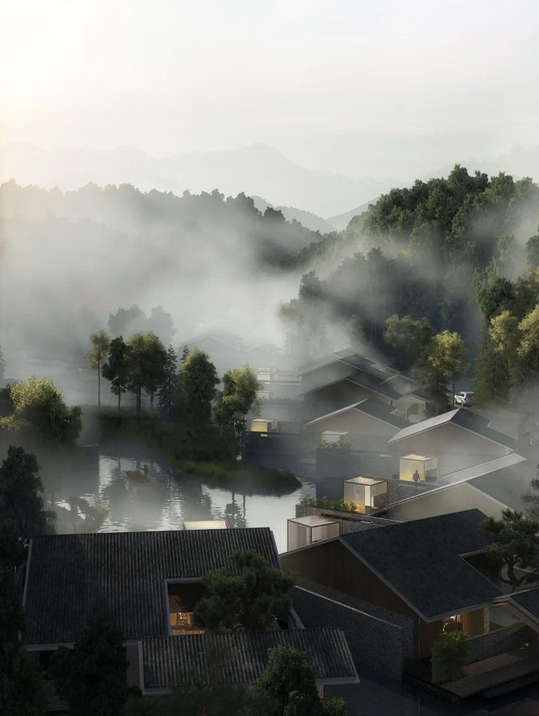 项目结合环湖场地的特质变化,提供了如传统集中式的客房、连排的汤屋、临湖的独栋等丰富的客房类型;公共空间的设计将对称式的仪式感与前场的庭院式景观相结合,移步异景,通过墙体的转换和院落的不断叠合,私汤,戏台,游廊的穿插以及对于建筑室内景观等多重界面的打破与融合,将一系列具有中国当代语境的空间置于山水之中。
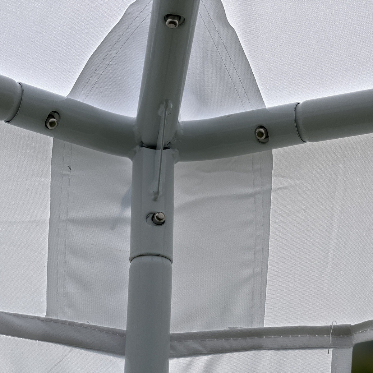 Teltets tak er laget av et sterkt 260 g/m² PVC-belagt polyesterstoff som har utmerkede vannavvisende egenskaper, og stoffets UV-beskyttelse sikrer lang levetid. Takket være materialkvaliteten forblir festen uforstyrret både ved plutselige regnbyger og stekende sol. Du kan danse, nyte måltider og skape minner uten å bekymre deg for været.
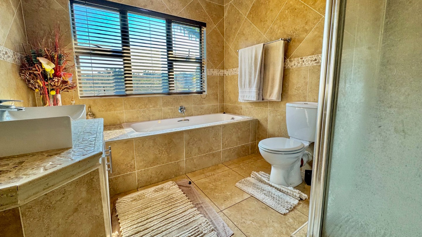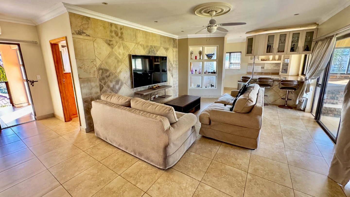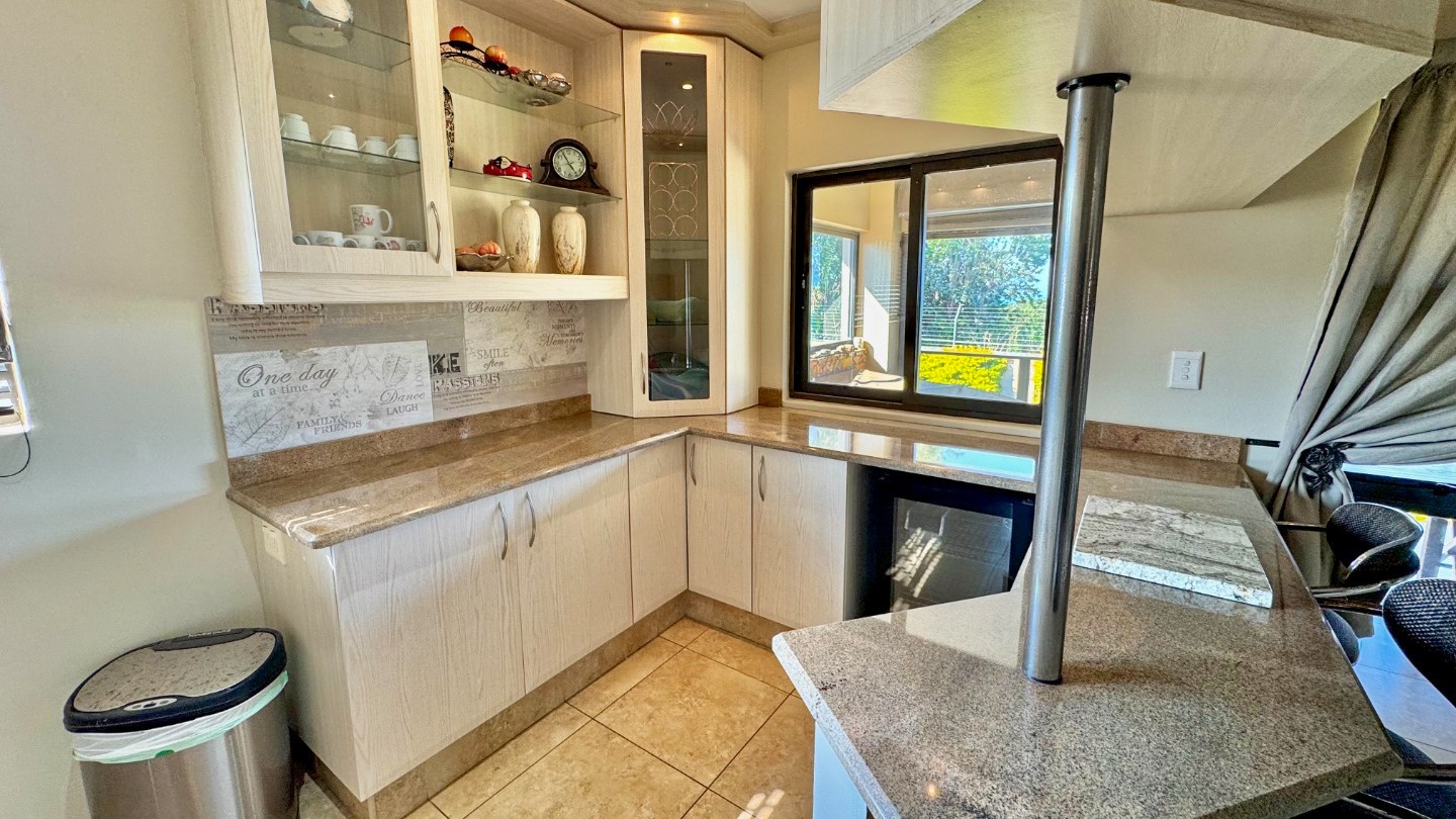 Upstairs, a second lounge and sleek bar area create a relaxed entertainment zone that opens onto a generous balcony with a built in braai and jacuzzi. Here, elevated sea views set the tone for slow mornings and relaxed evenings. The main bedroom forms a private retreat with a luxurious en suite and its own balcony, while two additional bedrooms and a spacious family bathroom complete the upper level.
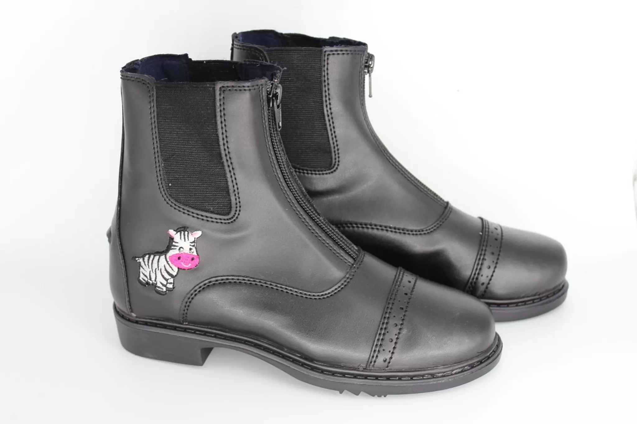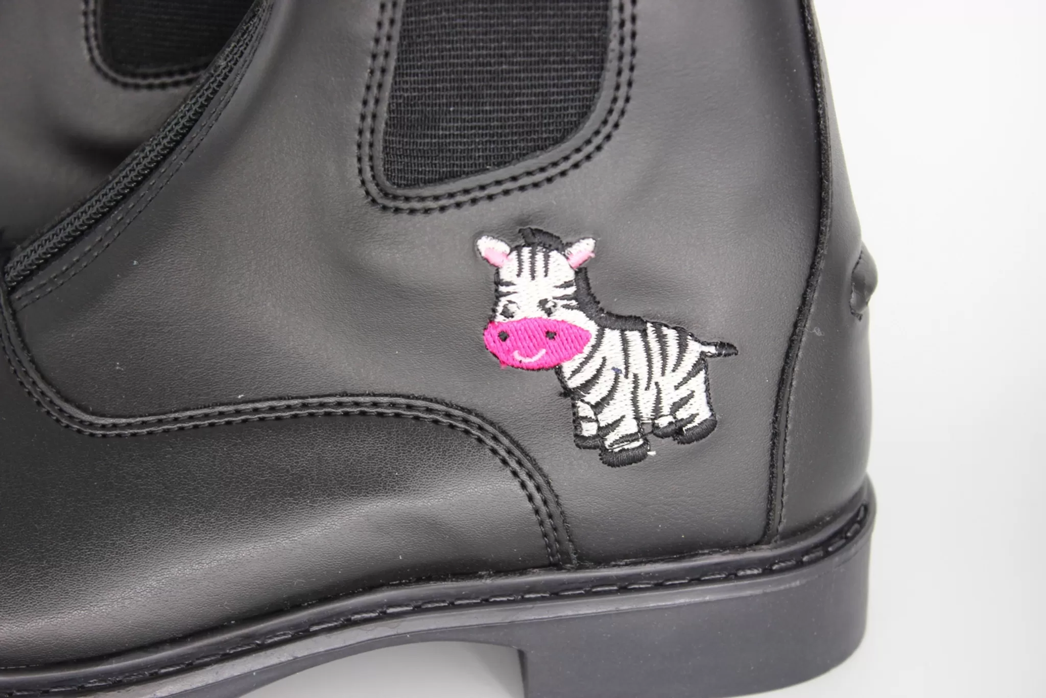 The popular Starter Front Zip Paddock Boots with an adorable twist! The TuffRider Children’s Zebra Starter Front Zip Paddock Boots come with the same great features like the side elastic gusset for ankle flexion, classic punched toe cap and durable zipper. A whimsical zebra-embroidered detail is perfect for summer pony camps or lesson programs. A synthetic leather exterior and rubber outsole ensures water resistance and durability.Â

---

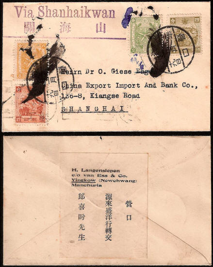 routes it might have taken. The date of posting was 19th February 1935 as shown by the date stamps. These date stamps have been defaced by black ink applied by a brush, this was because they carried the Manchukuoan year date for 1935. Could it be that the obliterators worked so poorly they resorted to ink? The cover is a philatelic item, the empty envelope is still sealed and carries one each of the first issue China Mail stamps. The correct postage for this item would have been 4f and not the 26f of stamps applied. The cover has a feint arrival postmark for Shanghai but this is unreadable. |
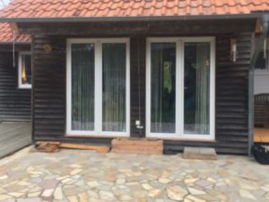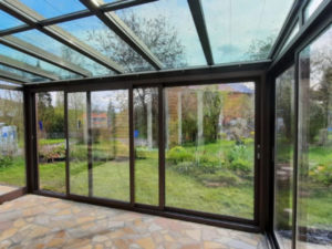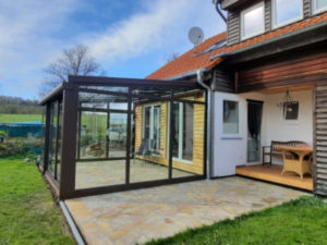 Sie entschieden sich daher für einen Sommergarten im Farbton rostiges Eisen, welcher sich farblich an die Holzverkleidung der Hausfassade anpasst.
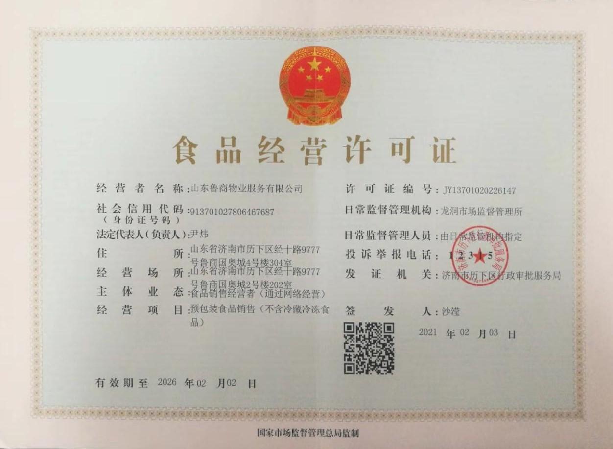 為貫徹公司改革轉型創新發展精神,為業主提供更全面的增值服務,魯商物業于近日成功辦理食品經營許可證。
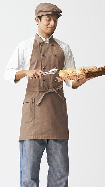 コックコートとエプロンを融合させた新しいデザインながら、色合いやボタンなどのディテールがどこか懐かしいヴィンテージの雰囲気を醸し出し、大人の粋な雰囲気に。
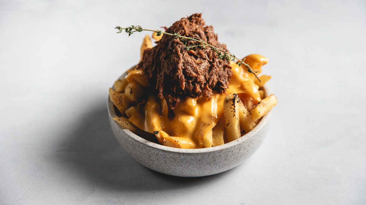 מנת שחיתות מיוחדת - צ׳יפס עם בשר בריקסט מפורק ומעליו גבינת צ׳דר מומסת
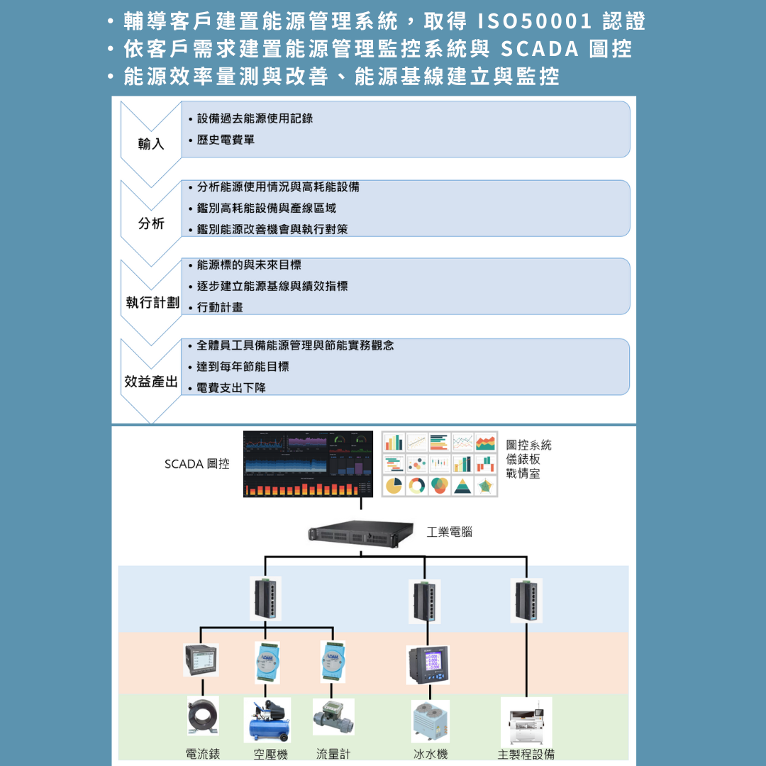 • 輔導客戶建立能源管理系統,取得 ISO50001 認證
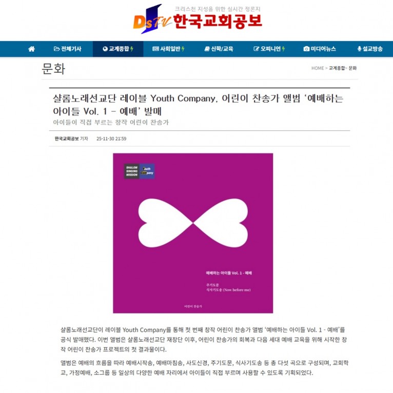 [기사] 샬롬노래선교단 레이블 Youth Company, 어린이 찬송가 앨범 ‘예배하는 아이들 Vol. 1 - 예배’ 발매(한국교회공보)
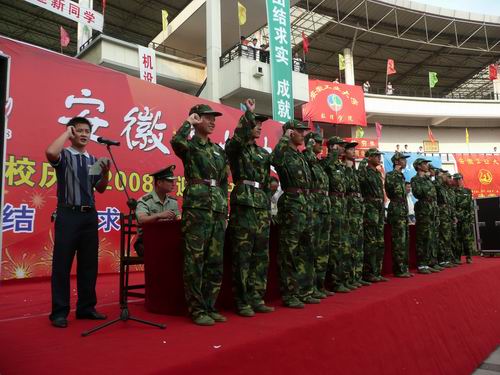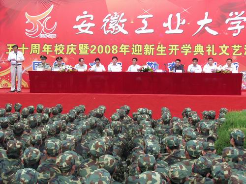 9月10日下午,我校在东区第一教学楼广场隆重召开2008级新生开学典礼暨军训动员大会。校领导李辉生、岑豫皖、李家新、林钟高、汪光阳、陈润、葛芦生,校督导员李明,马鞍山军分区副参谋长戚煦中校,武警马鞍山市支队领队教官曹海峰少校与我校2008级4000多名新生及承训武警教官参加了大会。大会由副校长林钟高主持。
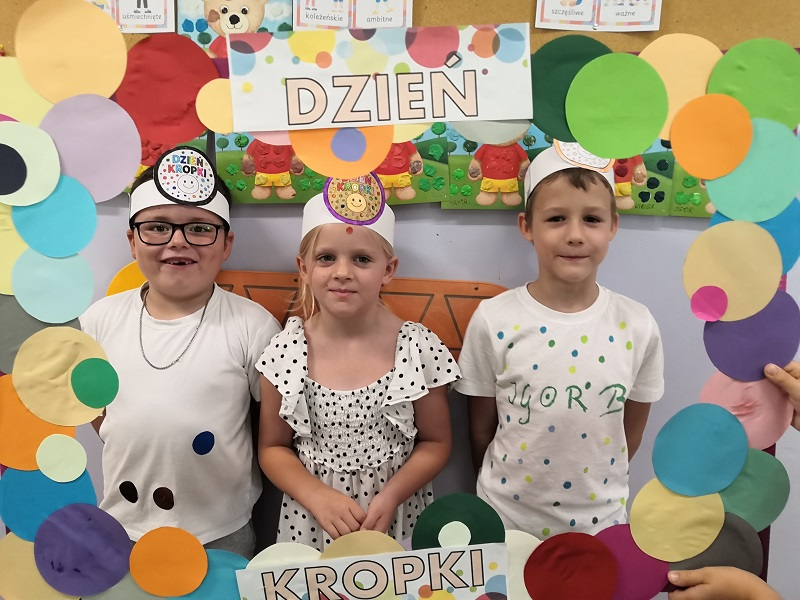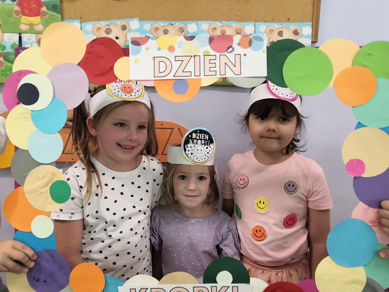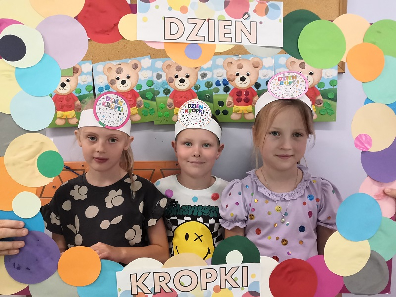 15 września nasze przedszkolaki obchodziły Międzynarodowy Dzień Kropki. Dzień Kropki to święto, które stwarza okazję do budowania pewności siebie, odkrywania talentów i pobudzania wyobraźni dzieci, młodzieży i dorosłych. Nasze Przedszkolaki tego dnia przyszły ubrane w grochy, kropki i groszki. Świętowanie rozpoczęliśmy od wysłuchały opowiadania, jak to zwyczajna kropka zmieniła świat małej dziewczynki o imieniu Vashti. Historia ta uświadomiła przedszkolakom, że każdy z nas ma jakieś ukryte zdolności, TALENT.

- _WHAT IS EXPECTED_
Everything above from the line with "项目结合环湖场地的特质变化,提供了如传统" through the line with "Teltets tak er" should be retyped exactly, and nothing else; omit pictures.

- _EXERCISE RESPONSE_
 项目结合环湖场地的特质变化,提供了如传统集中式的客房、连排的汤屋、临湖的独栋等丰富的客房类型;公共空间的设计将对称式的仪式感与前场的庭院式景观相结合,移步异景,通过墙体的转换和院落的不断叠合,私汤,戏台,游廊的穿插以及对于建筑室内景观等多重界面的打破与融合,将一系列具有中国当代语境的空间置于山水之中。
 Teltets tak er laget av et sterkt 260 g/m² PVC-belagt polyesterstoff som har utmerkede vannavvisende egenskaper, og stoffets UV-beskyttelse sikrer lang levetid. Takket være materialkvaliteten forblir festen uforstyrret både ved plutselige regnbyger og stekende sol. Du kan danse, nyte måltider og skape minner uten å bekymre deg for været.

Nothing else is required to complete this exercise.